Tuesday, May 9, 2017

Fintech and Shadow Banks

"Fintech, Regulatory Arbitrage, and the Rise of Shadow Banks" is an interesting new paper by  Greg Buchak, Gregor Matvos, Tomasz Piskorski, and Amit Seru

1. Shadow banks and fintech have grown a lot.
the market share of shadow banks in the mortgage market has nearly tripled from 14% to 38% from 2007-2015. In the Federal Housing Administration (FHA) mortgage market, which serves less creditworthy borrowers, the market share of shadow banks increased...from 20% to 75% of the market. In the mortgage market, “fintech” lenders, have increased their market share from about 5% to 15% in conforming mortgages and to 20% in FHA mortgages during the same period

2. Where are they expanding? They seem to be doing particularly well in serving lower income borrowers -- FHA loans.  They also can charge higher rates than conventional lenders, apparently a premium for convenience of not having to sit in the bank for hours and fill out forms,

Consider Quicken Loans, which has grown to the third largest mortgage lender in 2015. The Quicken “Rocket Mortgage” application is done mostly online, resulting in substantial labor and office space savings for Quicken Loans. The “Push Button. Get Mortgage” approach is also more convenient and faster for internet savvy consumers....
Among the borrowers most likely to value convenience, fintech lenders command an interest rate premium for their services. 
They also specialize in refinancing
Sector shadow banks have gained larger market shares in the refinancing market relative to financing house purchases directly.
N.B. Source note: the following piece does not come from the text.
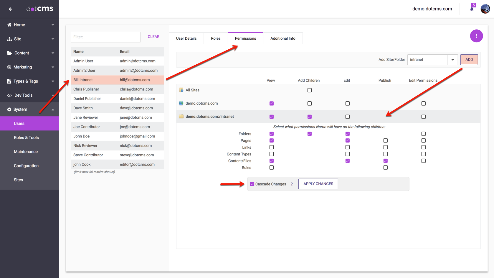 In the following example, User "John Cook" has already been assigned the "Content Publisher" Role which gives this user permission to add, edit, and publish content. In addition, this user has been given "View" and "Edit" rights to all Templates and Containers on the the System Host - which will allow him to view and edit all Templates and Containers that inherit permissions from the System Host.

One possible reason for this segmentation is that traditional banks are also substantially more likely to hold loans on their own balance sheet than shadow banks. Approximately one fourth of traditional banks loans in HMDA are held on their own balance sheet. For shadow banks, the share is closer to 5%. Because refinancing loans held on the balance sheet cuts directly into a bank’s profit, their incentives to refinance are smaller..
This is a really cool point.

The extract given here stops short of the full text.